Леонид Баранский Воспоминания о В. А. Троицкой

We use cookies. Read the Privacy and Cookie Policy

Леонид Баранский

Воспоминания о В. А. Троицкой

Я поступил в ИФЗ АН СССР (тогда назывался Геофизическим Институтом) сразу после окончания МГУ осенью 1954 г. и попал в лабораторию Б. С. Эненштейна, которая разрабатывала метод геофизической разведки полезных ископаемых с помощью зондирования земных недр переменным током. В этой лаборатории работала В. А. Троицкая (к тому времени уже кандидат наук), которая с небольшой группой сотрудников (2–3 человека) занималась совсем посторонней для этой лаборатории темой: изучала теллурические (земные) токи. Интерес к ним возник у В.А. еще в аспирантские годы в связи с очень еще популярной тогда (после Ашхабадского землетрясения 1949 г.!) идеей поиска предвестников землетрясений в самых разнообразных геофизических полях. Во время обучения в аспирантуре Троицкая провела измерения этих токов в целом ряде районов с повышенной сейсмической активностью (Кавказ, Средняя Азия и др.). Предвестники землетрясений в земных токах найдены не были, зато были хорошо изучены свойства короткопериодных колебаний (КПК) этих токов и дана классификация их основных морфологических типов, что стало предметом ее кандидатской диссертации. Но главным результатом стало то, что В.А. первой угадала (может быть на уровне научной интуиции, которая у нее была блестящей) перспективность этих исследований. Уже вскоре эти исследования привели к рождению целого научного направления, родоначальником которого суждено было стать Троицкой.

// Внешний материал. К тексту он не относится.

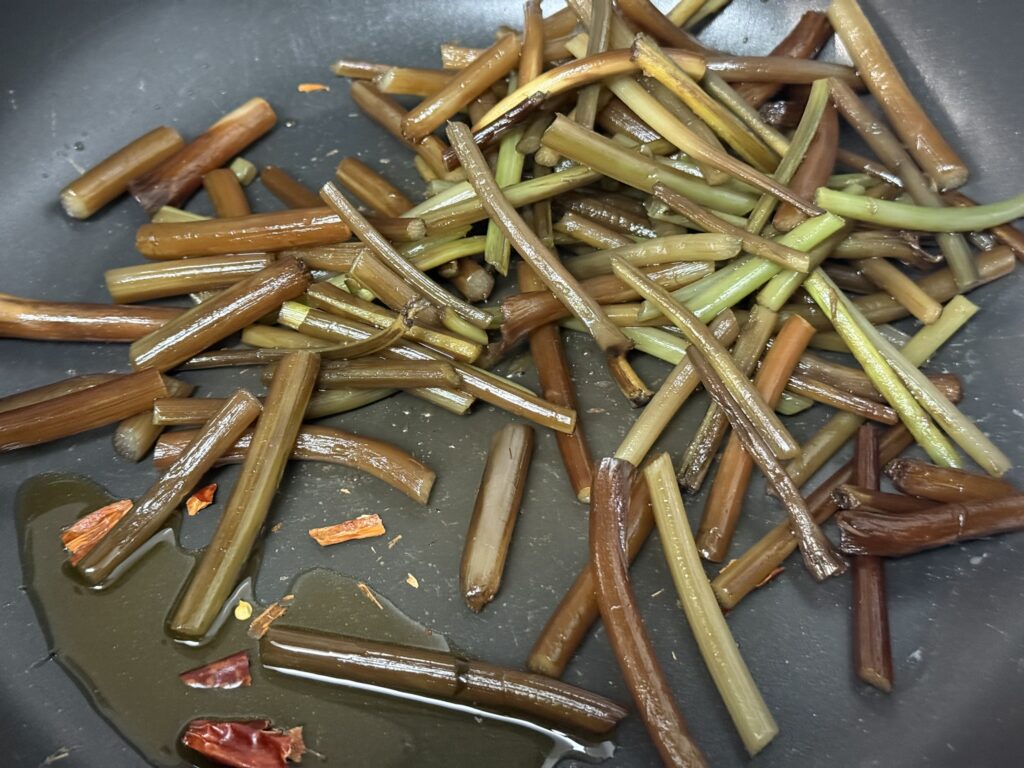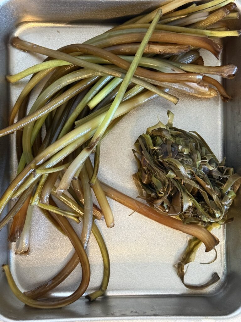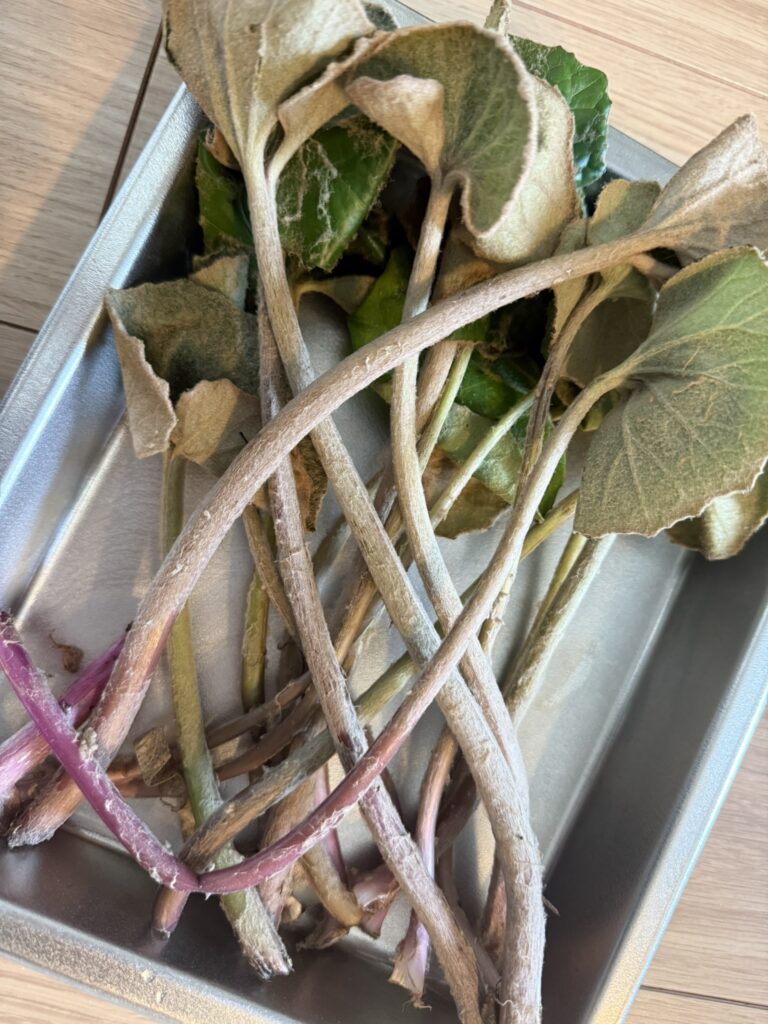 皮をむいて、と簡単に書きましたが、なかなか、ちまちまとした手仕事です。また、アクで指先が黒くなるので手袋推奨です。「良いのがいっぱいあった!」と大量に持ち帰ると、骨が折れる作業になるので要注意です。
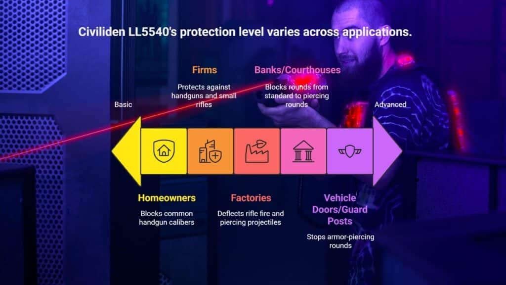 - Military applications: The force fits the LL5540 in vehicle doors, guard posts, and field tents. It meets or beats NIJ Level IV, stopping armor-piercing rounds. Units mount it in mobile command centers or fixed bases. Soldiers and officers work under fire.
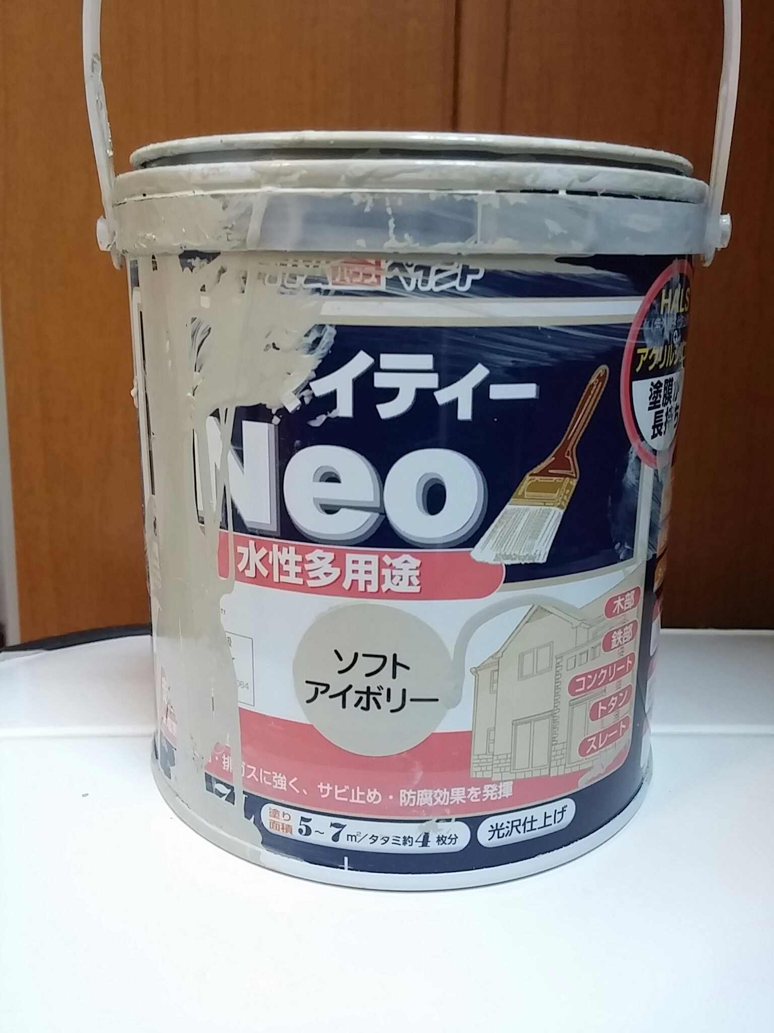 最初に水性塗料をローラーで塗って、イメージを変えます。事前に塗料がよくのるように少しサンドペーパーをかけます。塗料は水性塗料でアトムペイントのソフトアイボリーです。
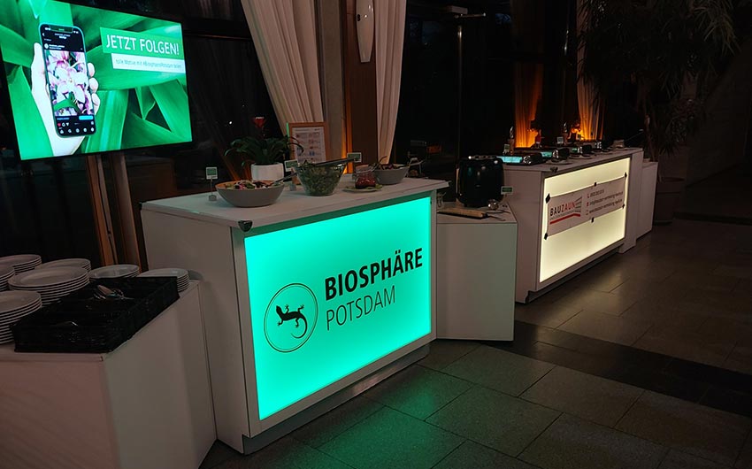 Dieses Mal haben wir unsere Weihnachtsfeier wieder gemeinsam mit den Kolleginnen und Kollegen von Garten Direkt in einer besonderen Location gefeiert. Die Biosphäre in Potsdam hat uns einen unvergesslichen Abend beschert. Wie schon so oft für unsere Events haben wir uns am S-Bahnhof Mahlow getroffen, um mit den Öffentlichen bequem zum Ziel zu kommen und getreu dem Motto der Weg ist das Ziel haben wir gleich schon ein bisschen losgefeiert und die weihnachtlich geschmückten Städte Berlin und Potsdam genossen.
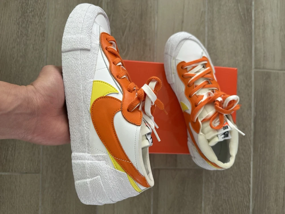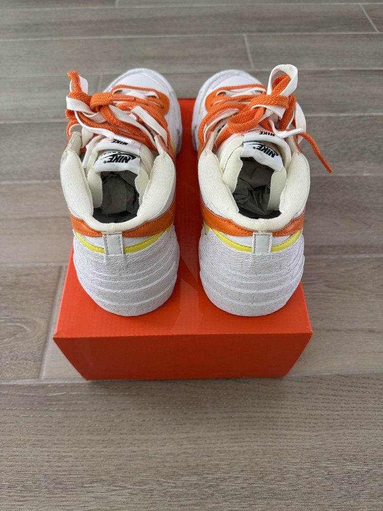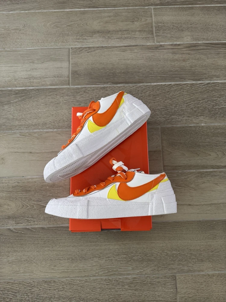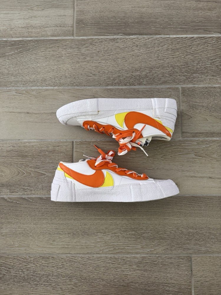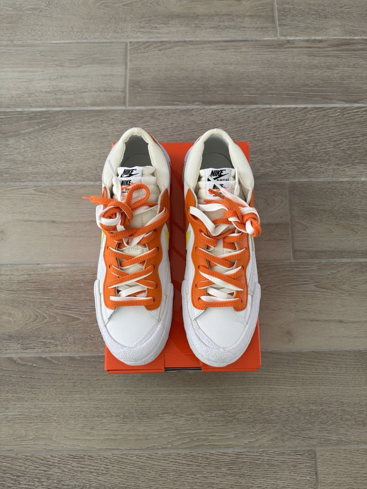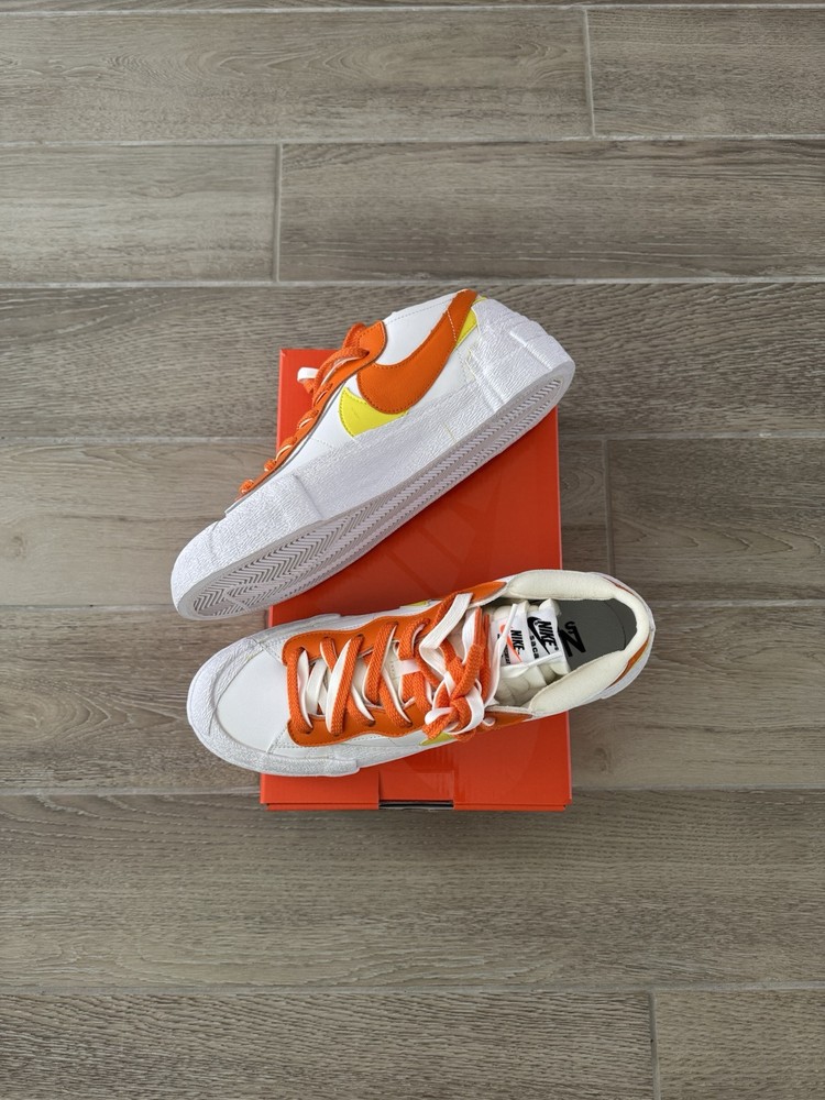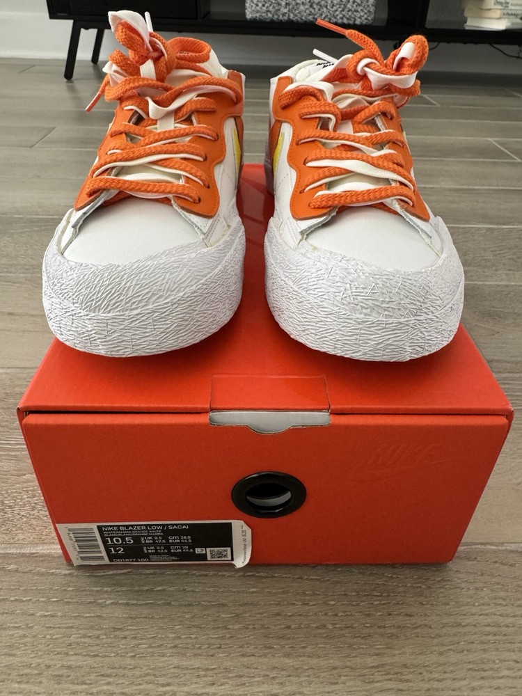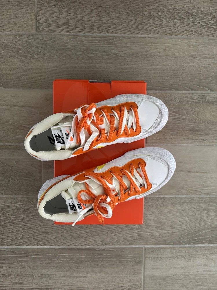 This Nike sacai x Blazer Low in size 10.5 features a stylish design in a colorway of White, Magma Orange, and White. The sneaker is part of the Nike Blazer product line and was released in 2021 with the style code DD1877-100. The shoe is crafted with a leather upper material and boasts a low top silhouette, ideal for an athletic and casual wear. The unique Magma Orange colorway adds a pop of vibrant color to the classic Nike Blazer design, making it a standout choice for sneaker enthusiasts.
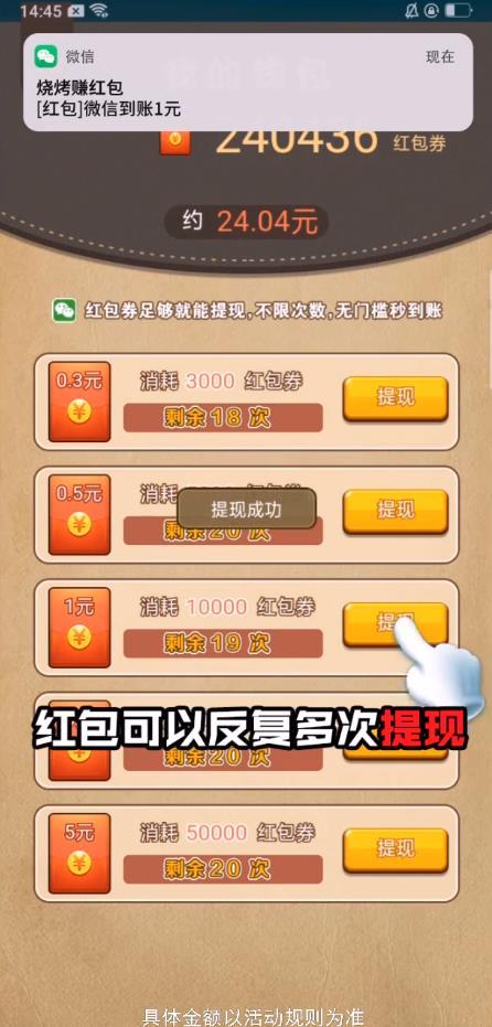 烧烤赚红是一款非常富有趣味性的以美食为题材的模拟经营类赚钱游戏,以经营一家烧烤摊为主要目的,不断进行多样烧烤的研发解锁,就可以赚取更多的收益,才能够让你的烧烤摊越来越大,生意越来越好,赚的越来越多,还有着红包奖励呢!
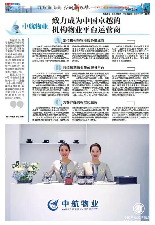 中航物業(yè)作為一家改革開放初期起源于深圳的大型物業(yè)管理企業(yè),入選了《南方日報》改革開放40周年深圳成就特別報道的“創(chuàng)新樣本”欄目,文章如下:
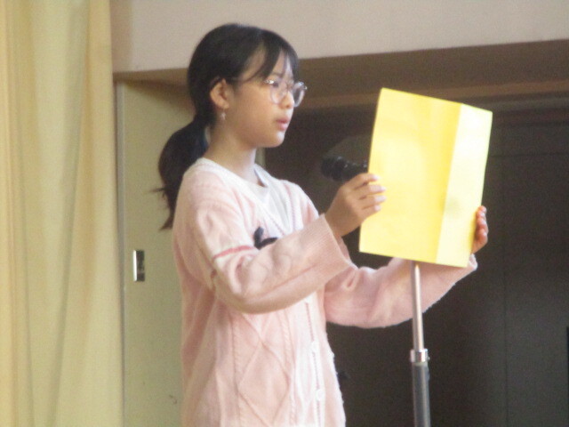 いじめについて考える時間がありました。代表委員による投げ掛けであり、一人一人がしっかりと胸に刻んでおくべき大切なことが、改めて確認されました。
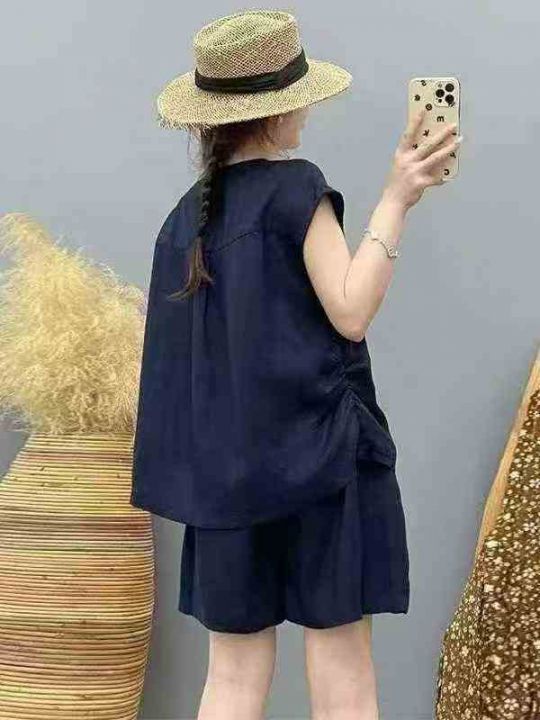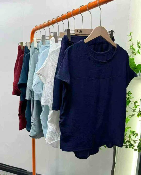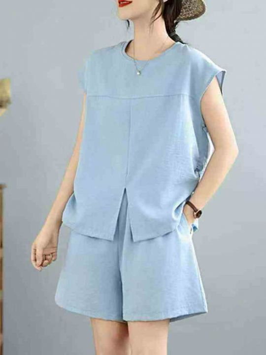 高级感短袖短裤两件套女士夏季大码欧货时尚洋气休闲穿搭套装,独立包装,亚麻面料手感柔软舒适透气质量,可入实体店,码数3-6码,数量174套,分货加1(货号119#30)
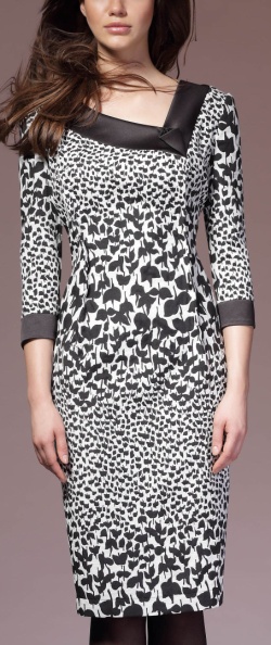 Полуприлегающее платье из жаккарда, длиной за колено. Рукав 3\4. Фигурный вырез горловины. Атласная отделка.

Приближался Международный Геофизический Год (1957–1958 г.). Для В.А. с ее энергией, знанием иностранных языков и выдающимися организаторскими способностями было более чем естественным принять самое активное участие в подготовке этого грандиозного научного проекта (в 1955 г. она была назначена ученым секретарем Советского комитета по проведению МГГ).

Одной из первоочередных задач, стоявшей перед Троицкой, было расширение круга своих сотрудников. Первым из них был В. Я. Пипур, вторым она предложила быть мне, а в начале 1955 к нам присоединились два сотрудника с «римскими» именами: Флавий Шивков и Юлий Квальвассер. Несмотря на то, что геофизическая разведка была по образованию моей специальностью, мне хотелось заниматься большой геофизикой, т. е. физикой земли. По этой причине я с легкостью отказался работать с Эненштейном и перешел к Троицкой. Дополнительной причиной такого решения было то, что мне не очень понравились «разборки» людей между собой в лаборатории Эненштейна, которые мне пришлось выслушать на ее производственном собрании после летней экспедиции. На этом же собрании я впервые увидел Троицкую, которая не принимала никакого участия в дискуссиях и произвела на меня очень приятное, хорошо запомнившееся впечатление.

Первым делом, которое мне поручила В.А., была разработка индукционного датчика для измерения КПК геомагнитного поля. Легко измеряемые земные токи (электроды, воткнутые в землю да провод, соединяющий их с гальванометром) обладают тем недостатком, что их поле очень зависит от удельного сопротивления пород, подстилающих земную поверхность в месте измерения. Поэтому земные токи позволяют изучать только качественные, но не количественные характеристики земного электромагнитного поля. В нашей стране не было тогда магнитометров для измерения магнитных пульсаций в диапазоне сотых и десятых долей герца (они были, кажется, только у французов). Это и вызвало необходимость разработки индукционного магнитометра (индукционной катушки с сердечником, соединенной в первых образцах с чувствительным гальванометром). Хорошо помню, что для консультаций по проектированию этого прибора Троицкая пригласила Сергея Петровича Капицу. Кроме того, она посылала меня в Ленинград к своим знакомым из некоего Института, чтобы получить от них пермаллой (материал с высокой магнитной восприимчивостью) для изготовления сердечника индукционного датчика.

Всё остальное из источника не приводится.